=== Data for the task ===

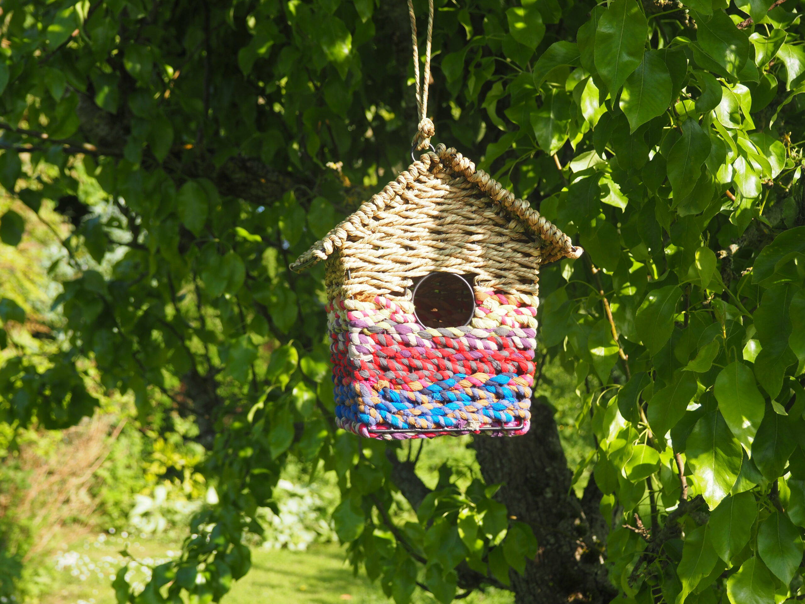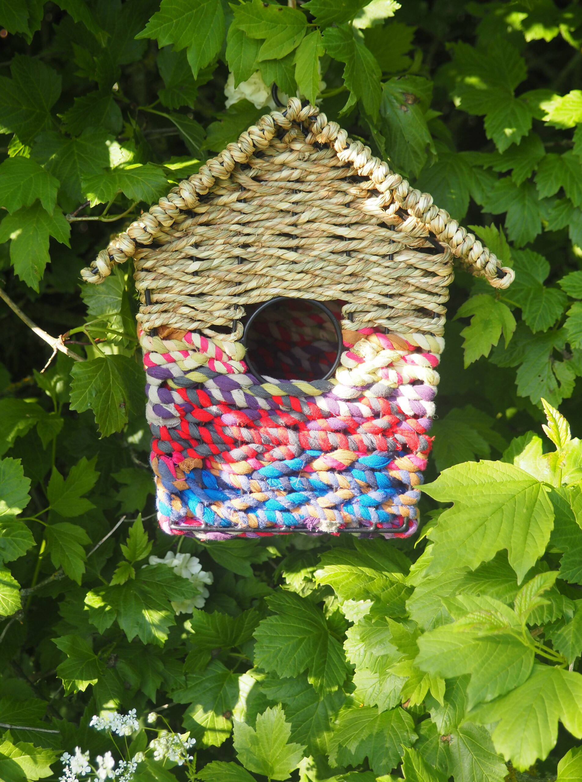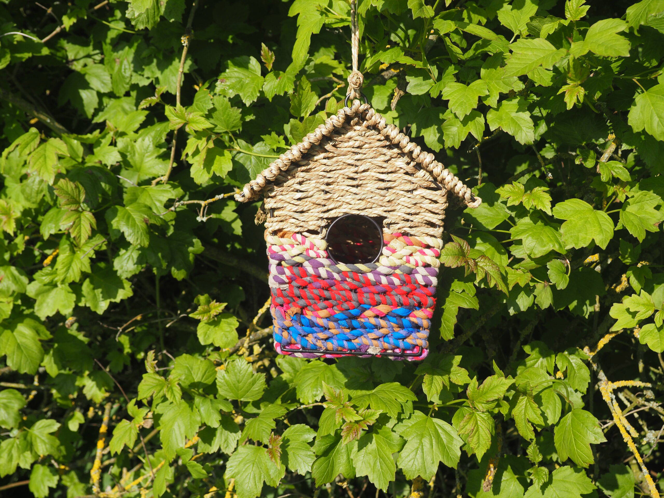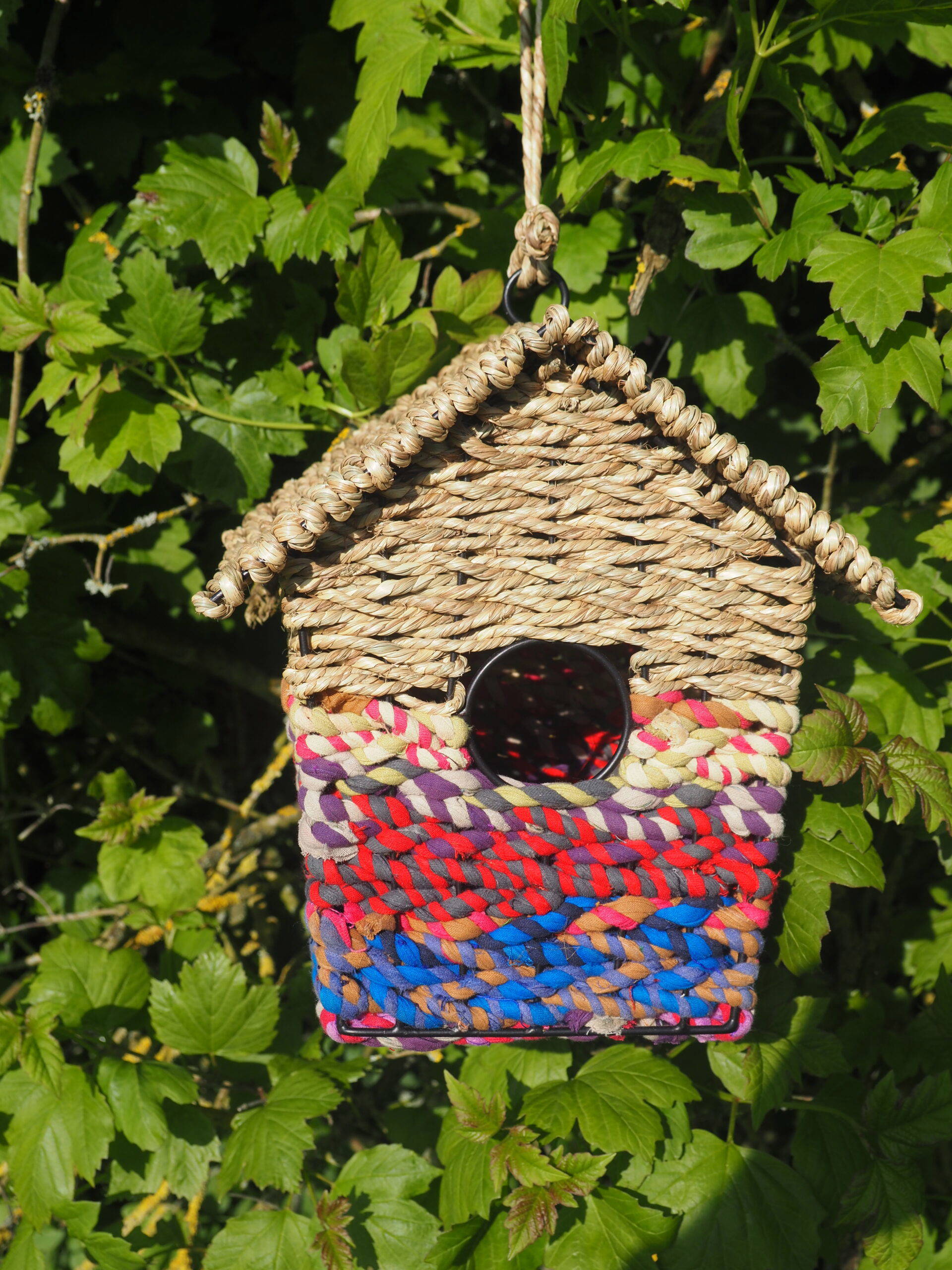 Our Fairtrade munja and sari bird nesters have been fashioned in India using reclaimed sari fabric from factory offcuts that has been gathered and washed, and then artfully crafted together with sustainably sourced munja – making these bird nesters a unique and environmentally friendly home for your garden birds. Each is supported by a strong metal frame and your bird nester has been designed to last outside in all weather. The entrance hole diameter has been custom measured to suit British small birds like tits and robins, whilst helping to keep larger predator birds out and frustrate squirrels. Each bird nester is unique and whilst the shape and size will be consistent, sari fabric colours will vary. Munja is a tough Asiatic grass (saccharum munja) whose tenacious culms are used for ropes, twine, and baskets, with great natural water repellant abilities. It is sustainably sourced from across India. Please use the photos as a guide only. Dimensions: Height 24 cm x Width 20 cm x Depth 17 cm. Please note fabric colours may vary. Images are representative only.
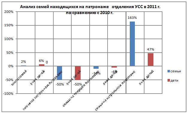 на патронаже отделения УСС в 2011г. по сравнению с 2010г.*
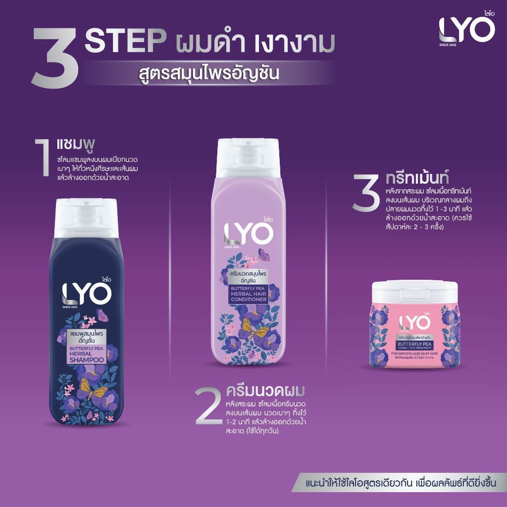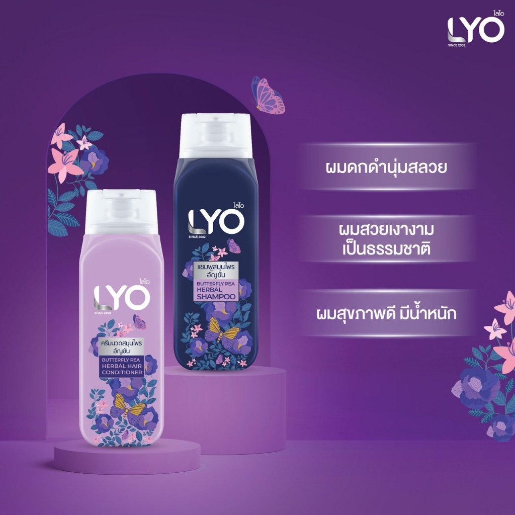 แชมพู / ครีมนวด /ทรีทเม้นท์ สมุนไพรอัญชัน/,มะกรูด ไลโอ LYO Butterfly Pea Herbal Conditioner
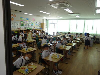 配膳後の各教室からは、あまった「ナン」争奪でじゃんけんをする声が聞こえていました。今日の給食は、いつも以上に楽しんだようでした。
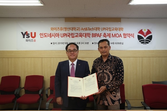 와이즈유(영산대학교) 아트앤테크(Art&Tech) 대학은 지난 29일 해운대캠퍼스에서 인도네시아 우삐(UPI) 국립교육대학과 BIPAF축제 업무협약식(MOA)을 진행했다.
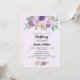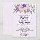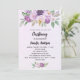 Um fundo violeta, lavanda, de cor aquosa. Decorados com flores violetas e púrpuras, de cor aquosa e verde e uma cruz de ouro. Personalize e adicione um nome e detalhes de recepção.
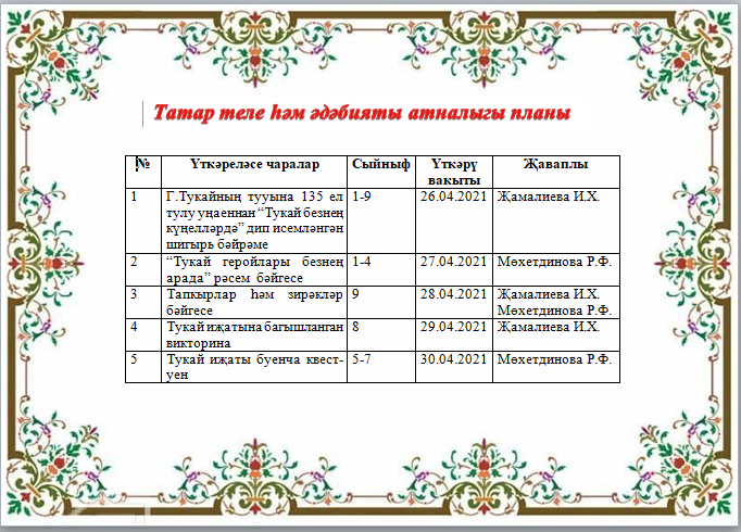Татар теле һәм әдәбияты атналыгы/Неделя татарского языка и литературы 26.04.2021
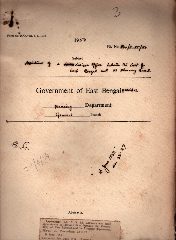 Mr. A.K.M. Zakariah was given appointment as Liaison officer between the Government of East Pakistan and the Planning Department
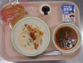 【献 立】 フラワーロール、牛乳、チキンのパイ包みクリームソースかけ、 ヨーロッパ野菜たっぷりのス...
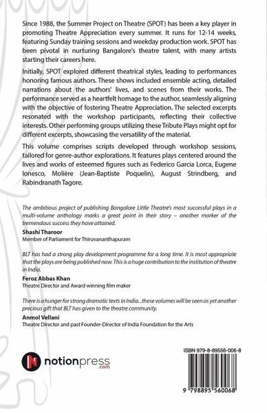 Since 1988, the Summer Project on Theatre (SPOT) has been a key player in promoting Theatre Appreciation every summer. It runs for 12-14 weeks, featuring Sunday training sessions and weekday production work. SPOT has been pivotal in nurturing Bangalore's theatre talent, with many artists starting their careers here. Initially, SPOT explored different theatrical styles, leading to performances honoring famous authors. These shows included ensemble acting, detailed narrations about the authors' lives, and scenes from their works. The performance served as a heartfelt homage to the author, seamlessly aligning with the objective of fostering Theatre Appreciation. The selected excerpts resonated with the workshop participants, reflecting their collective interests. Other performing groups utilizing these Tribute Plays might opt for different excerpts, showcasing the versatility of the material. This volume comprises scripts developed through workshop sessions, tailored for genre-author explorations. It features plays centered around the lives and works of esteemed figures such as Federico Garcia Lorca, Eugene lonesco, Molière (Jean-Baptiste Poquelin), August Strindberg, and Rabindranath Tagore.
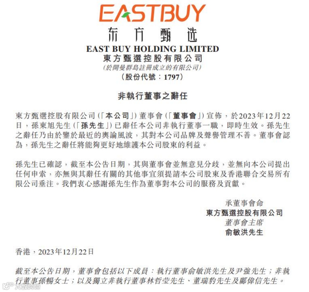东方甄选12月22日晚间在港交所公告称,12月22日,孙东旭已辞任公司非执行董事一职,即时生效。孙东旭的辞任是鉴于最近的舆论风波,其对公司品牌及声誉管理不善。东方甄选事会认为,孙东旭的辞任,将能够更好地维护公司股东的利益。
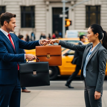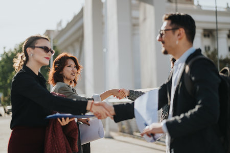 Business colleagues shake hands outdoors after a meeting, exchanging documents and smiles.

===

● **Brief**
Drop the pictures; return the lines above from the line containing "Um fundo violeta, lavanda, de" to the line containing "立】 フラワーロール、牛乳、チキンのパイ包みクリームソースかけ、 ヨーロッパ野菜たっぷりのス...", both included, exactly.

● **Response box**
 Um fundo violeta, lavanda, de cor aquosa. Decorados com flores violetas e púrpuras, de cor aquosa e verde e uma cruz de ouro. Personalize e adicione um nome e detalhes de recepção.
Татар теле һәм әдәбияты атналыгы/Неделя татарского языка и литературы 26.04.2021
 Mr. A.K.M. Zakariah was given appointment as Liaison officer between the Government of East Pakistan and the Planning Department
 【献 立】 フラワーロール、牛乳、チキンのパイ包みクリームソースかけ、 ヨーロッパ野菜たっぷりのス...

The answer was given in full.